Dans le document aux et siècles L ’ aluminium (Page 153-157)

Les clés de voûte de l’industrie, le marché et l’entreprise — ou la technostructure1— se trouvent peu présentes aujourd’hui dans le discours économique et il est intéressant de revenir aux descriptions disponibles, toujours en vue d’une application à l’aluminium.

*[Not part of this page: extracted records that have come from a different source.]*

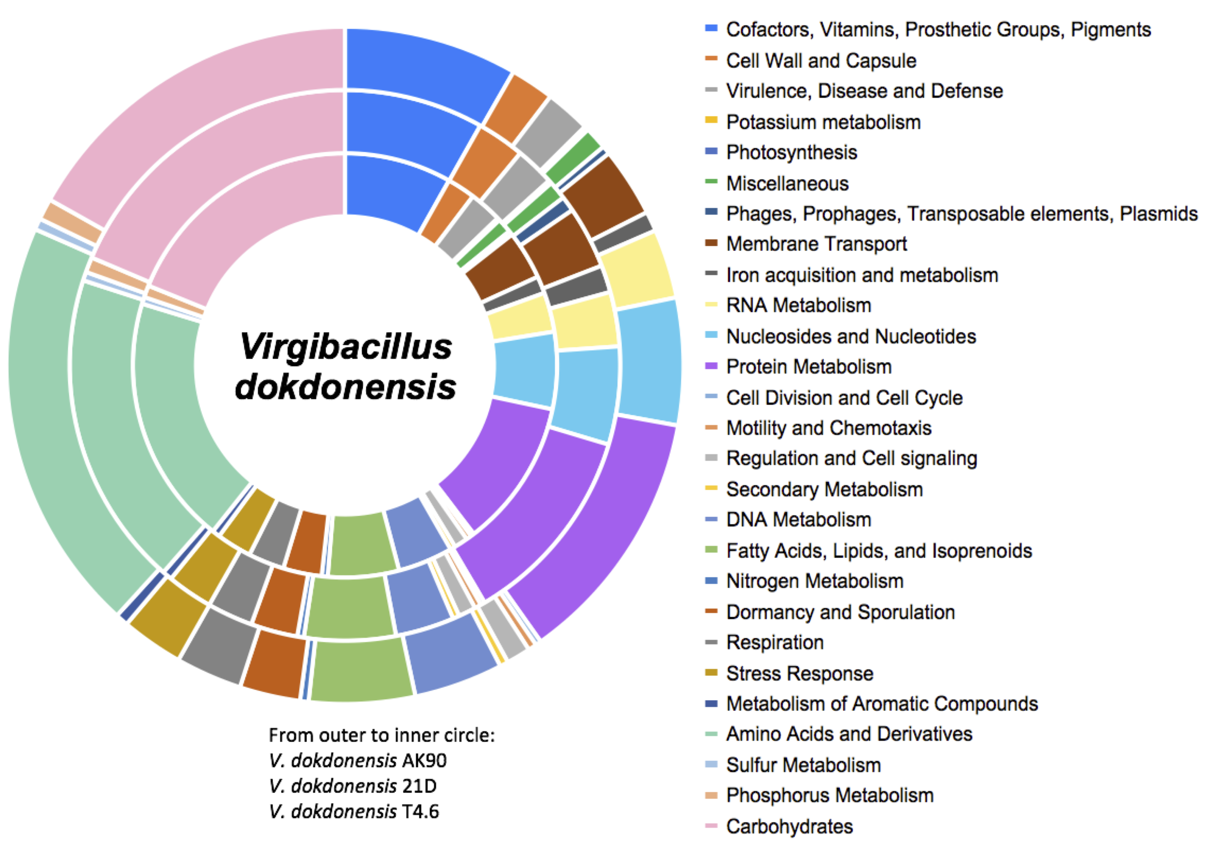 Figure 2. Comparison of subsystem category distribution of V. dokdonensis T4.6 and other V. dokdonensis strains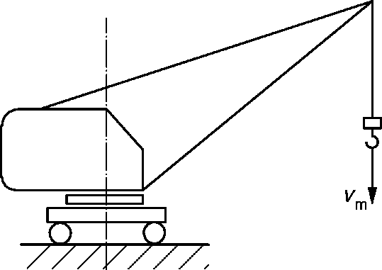 2.3.6 Скорость изменения вылета Vr (E) Derricking speed | Средняя скорость горизонтального перемещения груза в установившемся режиме движения. Примечание - Определяется при изменении вылета от наибольшего до наименьшего при установке крана на горизонтальном пути и скорости ветра не более 3 м/с на высоте 10 м. | ![]() |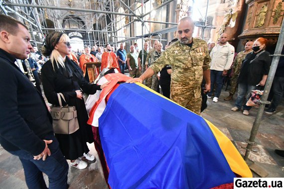 Попрощатися з воїном прийшли рідні та батько Ігор "Обух" Ткачук, що воював пліч-о-пліч з сином. Також члени УНСО, ветерани АТО/ООС, волонтери, духовенство, представники місцевої влади, почесний консул Грузії у Львові Ярослав Музичко та голова виконкому Національного комітету реформ, екс-президент Грузії Міхеіл Саакашвілі.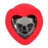 Красная силиконовая анальная пробка с черным стразом-сердечком - 9,3 см.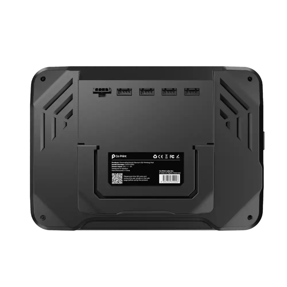 ChromaPad'in sağ tarafında 3 adet USB portu bulunmaktadır. Bu portlar 3D yazıcılar ve Input Shaper gibi sistemleri bağlamak için kullanılabilir. Arkada, araç başlığı kontrolünü sağlayan bir ChromaHead soketi bulunurken, ekstruderleri yönetmek için 4 ekstruder yuvası sağlanmıştır. Tabletin sol tarafında bir güç düğmesi ve bir güç yuvası bulunmaktadır.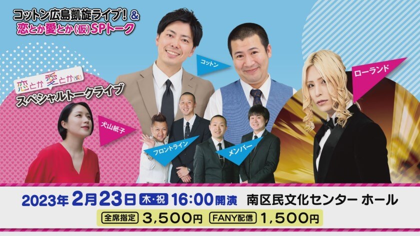 2022/12/22 【ローランドが広島に降臨!!】広島ホームテレビ『コイカリ』がホスト界帝王の恋愛観をフカボリ!&コットン広島凱旋ライブが決定!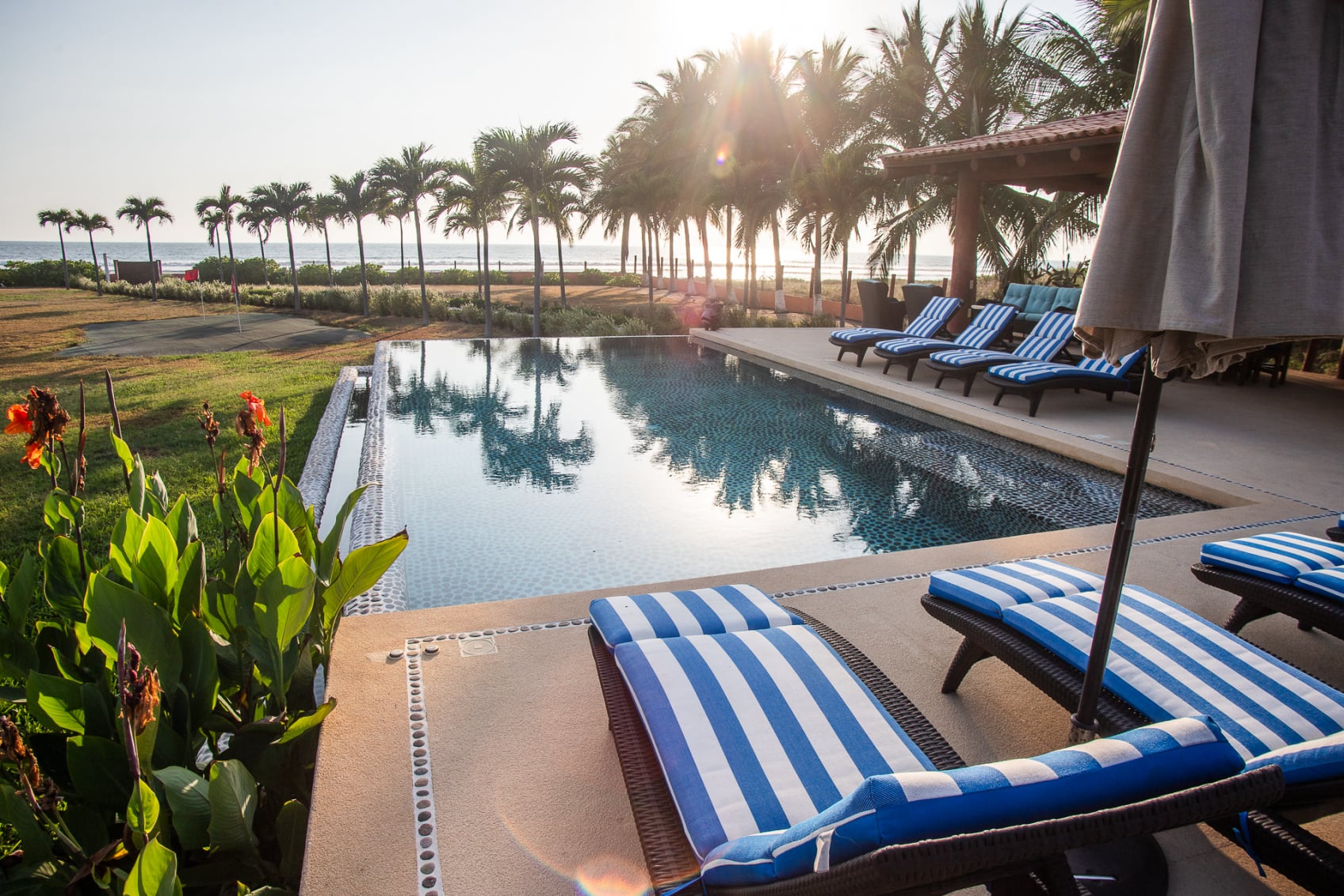 Indulge in spectacular sunsets from the large dining table on the veranda, framed by tropical gardens, or lounge by the infinity pool as you soak in the beauty of the Pacific Ocean.

Pour anticiper le tournant des années 1975-1980, il faut clarifier un possible désaccord entre Galbraith et Caves. Le premier promeut la technostructure et le second le marché, deux entités complémentaires dont les objectifs peuvent ponctuellement s’opposer car elles diffèrent de nature et de fonction. Le marché, à la polysémie embarrassante, désigne d’abord l’ouverture sur le monde, le lieu où les échanges s’effectuent librement, à la satisfaction des parties. Mais, au-delà de la notion d’équilibre de l’offre et de la demande par la vertu mythique attribuée au prix, le marché désigne aussi un choix de système économique, voire le système dans son ensemble. Il lui revient alors de réaliser le progrès par la croissance, d’optimiser le bien-être grâce à la meilleure utilisation des ressources rares et de stabiliser le revenu national et l’emploi. L’ensemble des acteurs que Caves appelle organisation industrielle, correspond à l’application pratique de la théorie des prix. La technostructure représente une partie du tout qui, à la différence de l’ensemble, le marché, essaie de fonctionner le plus possible de manière autonome et performante pour satisfaire ses clients, ses dirigeants, son personnel et ses propriétaires. Or, cela a été dit, elle a tendance à travailler pour elle-même, pour sa survie. Même si la maximisation du profit ne guide pas en permanence des dirigeants qui peuvent avoir d’autres ambitions, Caves admet qu’elle peut en bonne approximation être considérée comme leur but principal. Hors de l’entreprise la dimension collective n’est pas primordiale, elle doit s’en accommoder. Quand survient, au sein de l’ensemble structure + marché,

un différent entre acteurs, susceptible d’avoirdes répercussions au niveau national, un arbitrage doit être exercé par l’autorité publique. Sinon, le marché tendra à optimiser le profit d’ensemble et la technostructure à assurer sa propre pérennité : tout fonctionnera, pour un temps ! Galbraith et Caves sont donc d’accord sur le fond. Pourtant, au cas où la situation s’aggraverait et par anticipation2, il faut noter l’importance de cette possibilité d’arbitrage ou de recours qui joue par exemple en cas d’excès de pouvoir d’un côté, d’errements3 ou d’abus de l’autre. Le marché4, auquel incombe la fixation des prix, doit prendre en compte les besoins des entreprises dans leur activité, faute de quoi une branche productive peut s’effondrer dans une zone géographique au profit d’une autre5. À terme, la production d’aluminium primaire pourrait connaître un tel sort.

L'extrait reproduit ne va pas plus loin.